Frustrated with the lack of Golden retrievers to adopt in New England? No surprise. If you want one just take a drive down south, they seem bountiful


----------



## tine434 (Nov 24, 2013)

Could help transport if anyone wants him from the south, I am in GA

Sent from Petguide.com Free App


----------



## dborgers (Dec 7, 2011)

Tennessee Valley Golden Retriever Rescue (Welcome to Tennessee Valley Golden Retriever Rescue) accepts dogs from NC


----------



## GoldenMum (Mar 15, 2010)

dborgers said:


> Tennessee Valley Golden Retriever Rescue (Welcome to Tennessee Valley Golden Retriever Rescue) accepts dogs from NC


Thanks Danny, I will pass that along...


----------



## jealous1 (Dec 7, 2007)

Could always catch a ride up north on TJ . . .


----------



## jealous1 (Dec 7, 2007)

Just clicked on his picture which led to FB posting . . . update: 

Tricia Weiss Amell [person who originally posted] Hi all...happy to report Duke has a new home and is very happy!!! Thank you everyone for the inquiries!!!


----------



## GoldenMum (Mar 15, 2010)

jealous1 said:


> Just clicked on his picture which led to FB posting . . . update:
> 
> Tricia Weiss Amell [person who originally posted] Hi all...happy to report Duke has a new home and is very happy!!! Thank you everyone for the inquiries!!!

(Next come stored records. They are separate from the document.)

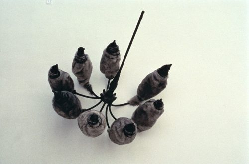 Constructed of breast-like shapes of fake fur wrapped in graphite string, Candelabra rejects expectations of maternity and nurture.
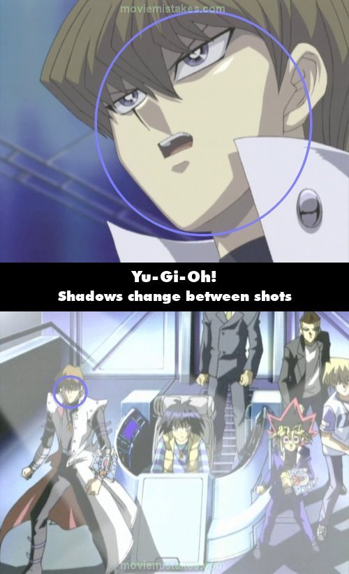 Continuity mistake: When Noah tells Kaiba it's time for everyone to get off the airship, there is a shot of Kaiba sarcastically asking, "Is that so? What if we don't?" where his face appears to be covered entirely in light. It then cuts to a wider shot where the right side of Kaiba's face and his eyes are covered in shadows. (00:08:50)
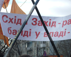 Они держали флаги своей организации, а также плакаты "Нет давлению "голубых" судьей", "Роспуску Верховной Рады - да", "Восток и Запад вместе, банде у власти нет", "Честный суд - честные выборы".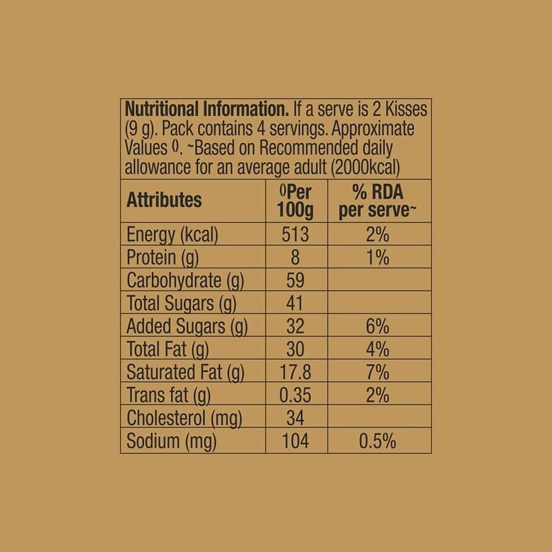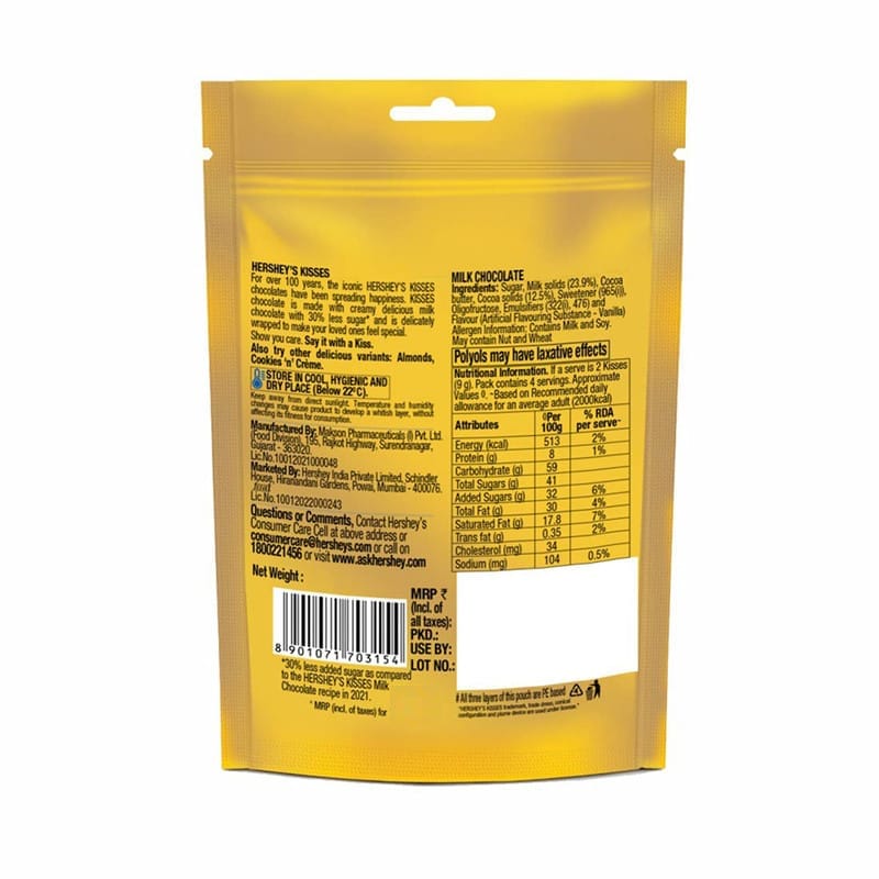 HERSHEY'S Kisses Milk Chocolate with 30% Less Sugar! Indulge in the same great taste; now with upto 30% less sugar! No artificial sweeteners added!Experience delicious melt-in-mouth chocolate with the perfect sweetness that you can enjoy without the guilt!HERSHEY'S Kisses is made with delicious rich chocolate that are delicately wrapped individually to make your loved ones feel special. It is known and loved across the world as a way of expressing affection to those close to you. Show them you care. Say it with a Kiss.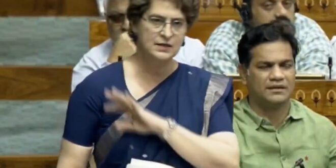 नई दिल्ली : कांग्रेस नेत्री प्रियंका गांधी वाड्रा ने गुरुवार को आरोप लगाया कि केंद्र सरकार विपक्ष को धर्मसंकट में डालकर मनमानी करना चाहती है। उन्होेंने कहा कि महिला आरक्षण की बात कह कर सरकार परिसीमन के माध्यम से चुनावी हित साधना चाहती है।प्रियंका वाड्रा ने गुरुवार को लोकसभा में परिसीमन और उसके माध्यम से देश में महिला आरक्षण लागू किए जाने से जुड़े संविधान संशोधन एवं दो अन्य विधेयकों पर जारी चर्चा में भाग लिया। उन्होंने कहा कि सरकार देश को गुमराह कर रही है और कांग्रेस पार्टी केंद्र सरकार के इस प्रयास का डटकर विरोध करेगी।उन्होंने कहा कि सरकार 2011 की जनगणना के आधार पर परिसीमन करना चाहती है ताकि वह जातिगत जनगणना के आंकड़ों के आधार पर प्रतिनिधित्व सुनिश्चित करने से बच सके। उन्होंने कहा कि सरकार लोकसभा की सीटों में 50 प्रतिशत का इजाफा कर रही है लेकिन इससे जुड़े अधिनियम में यह कैसे किया जाएगा, इसके बारे में साफ नहीं है। सरकार केवल खोखले आश्वासन दे रही है।प्रियंका गांधी ने कहा कि विधेयक में संसद का 50 प्रतिशत विस्तार प्रस्तावित है लेकिन इसके लिए किसी ठोस प्रक्रिया के बारे में कुछ नहीं लिखा गया है। इतने बड़े परिवर्तन में क्या नियम होंगे, कैसे किया जाएगा, इस बारे में विधेयक में कोई जिक्र नहीं किया गया है।उन्होंने कहा कि संसद में देश के हर राज्य की भागीदारी 1971 में निश्चित तौर पर तय की गई और इस पर बदलाव लाने पर रोक लगाई गई थी, लेकिन इस विधेयक के जरिए यह सब बदलने जा रहा है। प्रधानमंत्री और उनके अन्य मंत्री के खोखले वादों के बावजूद यह निश्चित है कि संसद में प्रदेशों के वजन में बदलाव किया जाएगा।प्रियंका ने कहा कि असम में सरकार ने विपक्षी नेताओं के क्षेत्रों को काटा और अपने राजनीतिक फायदे के लिए मनचाहे तरीके से नई सीमाएं तय कीं। यही काम अब पूरे देश में करने की तैयारी की जा रही है। परिसीमन आयोग में सरकार की ओर से चुने गए तीन लोग पूरे देश के राज्यों के वजूद, उनकी भागीदारी तय करेंगे।उन्होंने कहा, “लोकतंत्र को खत्म करने की शुरुआत सरकार ने संस्थाओं को कब्जाने से शुरू की थी लेकिन अब लोकतंत्र पर खुला वार होने जा रहा है।”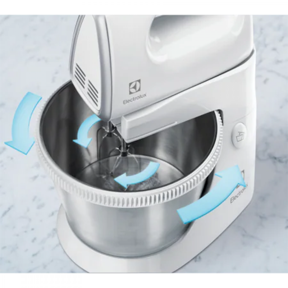 De acum puteti amesteca aluatul, sa bateti albusul de ou si sa framantati compozitia amestecului mult mai simplu si usor. Un aparat nelipsit din orice bucatarie, mixerul cu bol rotativ Electrolux minimizeaza efortul de preparare al aluaturilor si cremelor.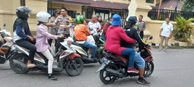 Dengan sukacita para pengguna jalan yang melintas menerima nasi kotak dan lauk yang dibagikan bersama oleh Polsek Dukuh Pakis dan Koramil Karangpilang Surabaya.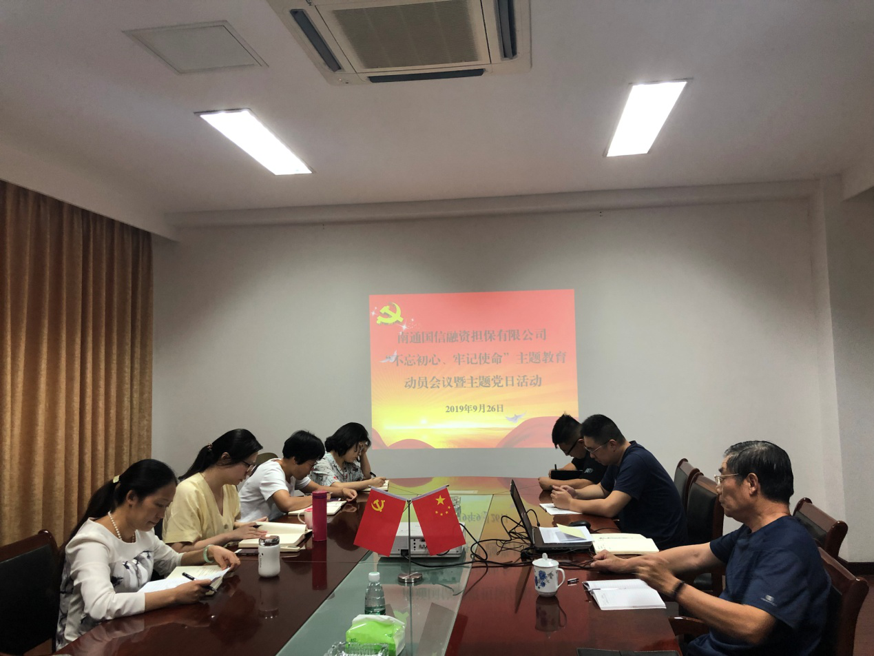 9月26日下午,南通国信投资担保有限公司召开“不忘初心、牢记使命”主题教育动员会,公司全体党员参加会议,入党积极分子和群众代表列席会议。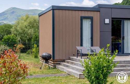 Come and stay in one of these six premium lodgings close to Lake Chambon. These new, latest generation cottages respond to a more architectural vision of the mobile home. The materials, used inside and out, display great sobriety, while being contemporary and sophisticated. Ideally located, you can enjoy Lake Chambon but also the many surrounding activities: hiking in the Chaudefour valley, skiing in Super Besse, discovering the gastronomic heritage in Saint-Nectaire ... With a total area of 35m² + 18m² of terrace, you will be amazed by the ergonomic layout which allows you to have space. You will find a living room with fully equipped kitchen, living room and dining table. 1 bedroom with 1 bed 160x200 and 1 bedroom with 2 beds 80x190. Each of the bedrooms has a bathroom and a toilet. Outside you will have the pleasure of spending good times on the terrace with its deckchairs, its garden furniture and its barbecue or on the pétanque ground shared by the 6 cottages. The maximum capacity is 4 people, no additional baby possibility if 4 people. No washing machine and no possibility of renting linen. Are provided: draw sheets, pillowcases and duvets (duvet covers not provided, to be provided). Shops and services are in Chambon-sur-Lac and Murol just 2 km away. Cheese dairy (products from Auvergne and bread depot), restaurant, pizzeria, tobacco newspapers in the immediate vicinity.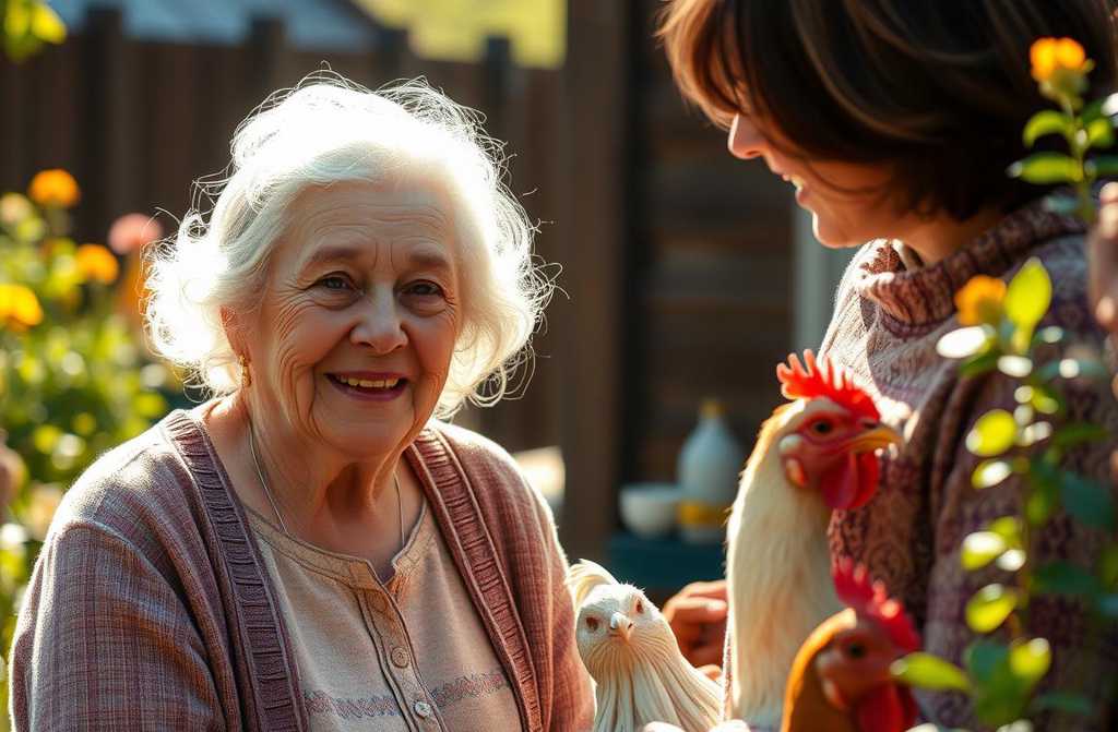 Она открыла дверь курятника. Оттуда высыпали семь кур. За ними важно вышагивал петух. Старушка рассыпала крошки по земле и направилась в уборную.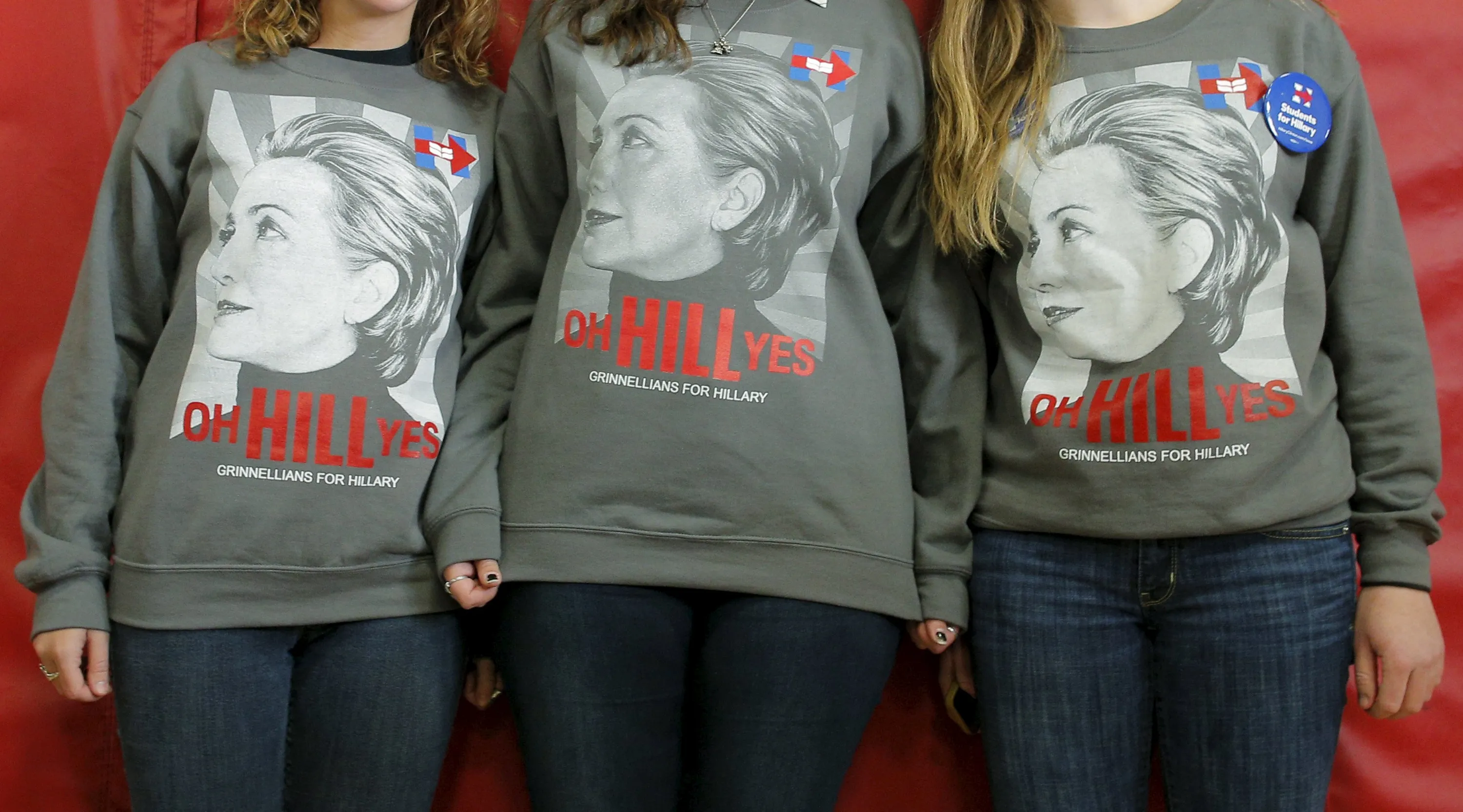 Grinnell College students Sarah McCarthy (L), Mollie Jo Blahunka (C) and Hannah Lundberg pose for a videographer while waiting for U.S. Democratic presidential candidate Hillary Clinton at the Berg Middle School in Newton, Iowa January 28, 2016. (Photo by Brian Snyder/Reuters)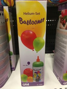 Så igår gick jag till Clas Ohlson och köpte ett par tuber och släpade hem dem i värmen (tillsammans med 1000 ark skrivarpapper). Vilken timing då att de hade 15% på hela köpet så till slut vart det inte snordyrt iaf. Återstår att se om våra gäster gläds åt våra ballonger men jag är iaf nöjd över att överlistat denna heliumdjungel 🙂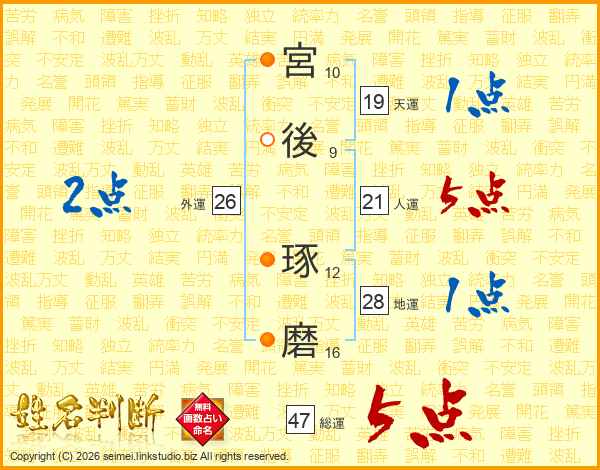 宮(10画)後(9画) 琢(12画)磨(16画)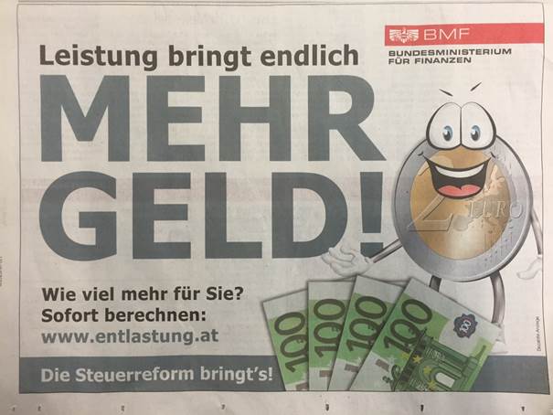 In einer Vielzahl von Werbeeinschaltungen wie TV-Spots, Zeitungsinseraten, etc. wurde die Steuerreform durch das Finanzministerium beworben. Beispielsweise war folgende Einschaltung mehrfach in österreichischen Tageszeitungen zu finden: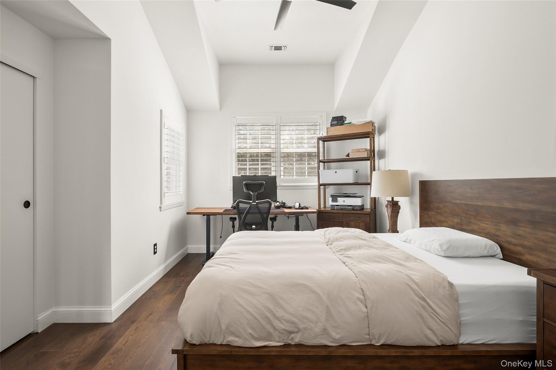 - Bedroom featuring dark wood-type flooring, an office area, and a ceiling fan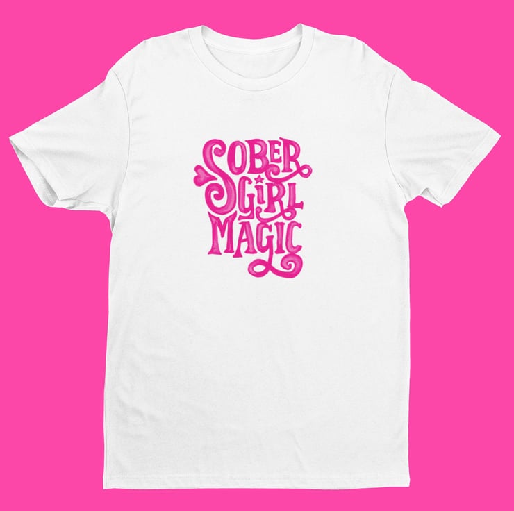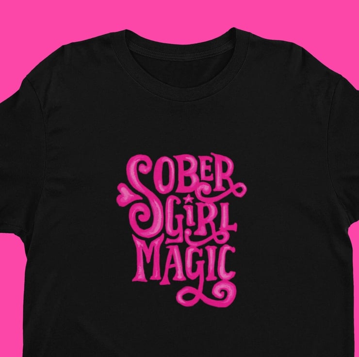 Unleash your Sober Girl Magic in this gorgeous sober shirt for women. This beautiful unique design in hot pink will pop wherever you go and grab the attention of your sober tribe! Sure to be a hit with your sober girl gang, this sobriety shirt is the perfect way to sprinkle a little Sober Girl Magic on your day!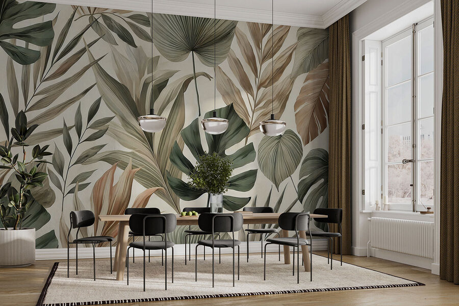 Tover elke kamer om in een tropische oase met deze prachtige muurschildering met weelderige bladeren en aardetinten. Stel je voor dat je wakker wordt en het gevoel hebt dat je in een sereen regenwoud bent – klinkt dromerig, toch? Of het nu de woonkamer is of een gezellig leeshoekje, de mix van groen en zacht bruin creëert een rustgevende sfeer, perfect voor die momenten waarop volwassen worden een beetje te veel wordt. Bovendien is het net alsof je thuis op minivakantie bent. Wees alleen niet verbaasd als vrienden je gaan vragen wanneer je een strandfeest geeft! Deze muurschildering is gemakkelijk aan te brengen en zal zeker een aantal op de natuur geïnspireerde gesprekken op gang brengen.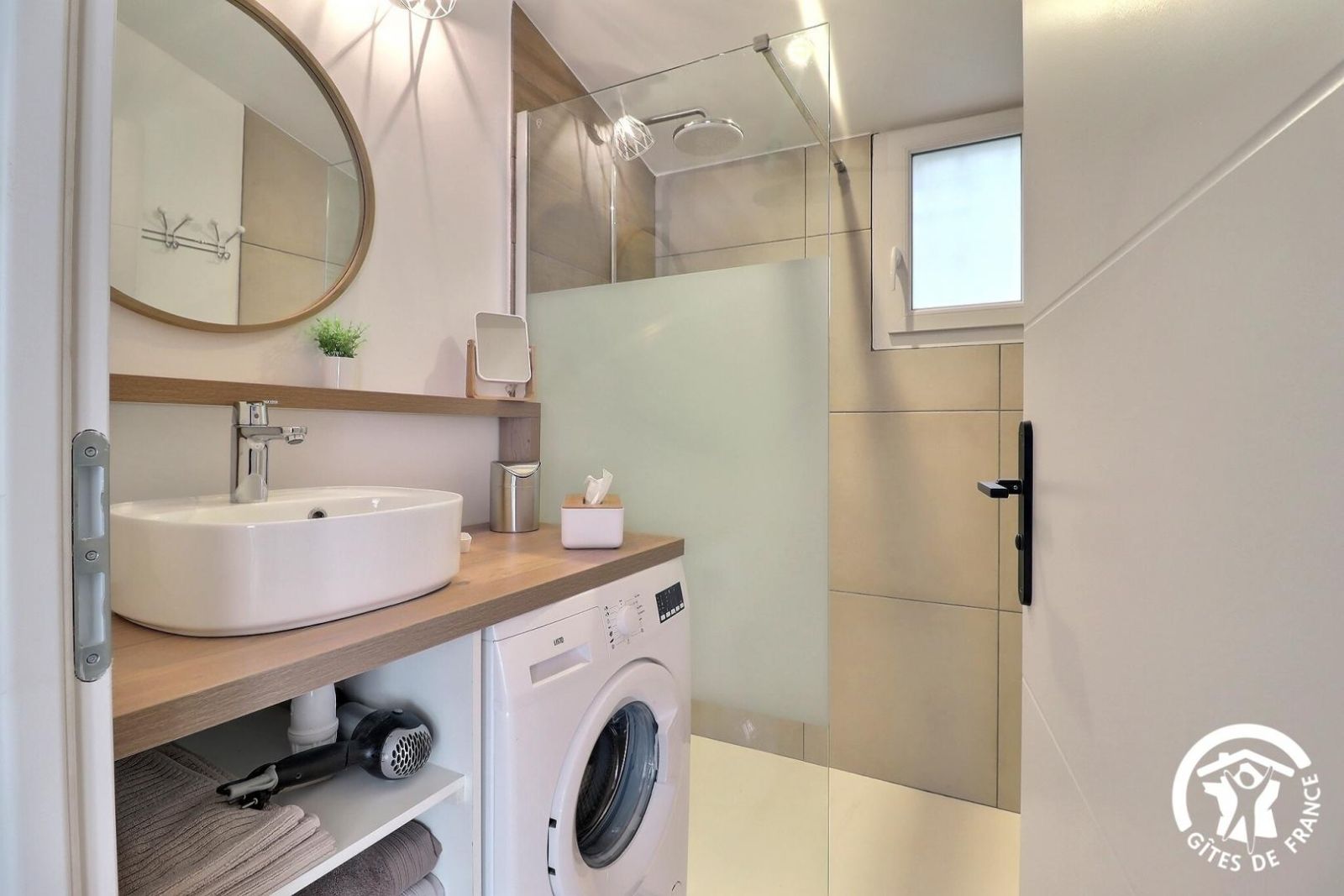 - d'une salle d'eau avec douche type italienne avec paroi en verre, vasque avec étagères sous vasque et lave-linge.

Wonderful news, Thanks for updating!


----------



## nolefan (Nov 6, 2009)

Awesome!!! Just gave me a shiver to read those wonderful words. Thanks for letting us know that Duke's life has taken a turn for the better


----------



## CAROLINA MOM (May 12, 2009)

Great news, very happy for this boy. 

I'll update the thread title.


----------



## lrod1160 (Jul 19, 2014)

I am very serious about adopting. I have been trying to contact someone else about another dog but up until now they have not emailed me back.


----------



## JeanieBeth (Jul 13, 2013)

jealous1 said:


> Just clicked on his picture which led to FB posting . . . update:
> 
> Tricia Weiss Amell [person who originally posted] Hi all...happy to report Duke has a new home and is very happy!!! Thank you everyone for the inquiries!!!


Thank You!! ☝?☝☝

Sent from Petguide.com Free App


----------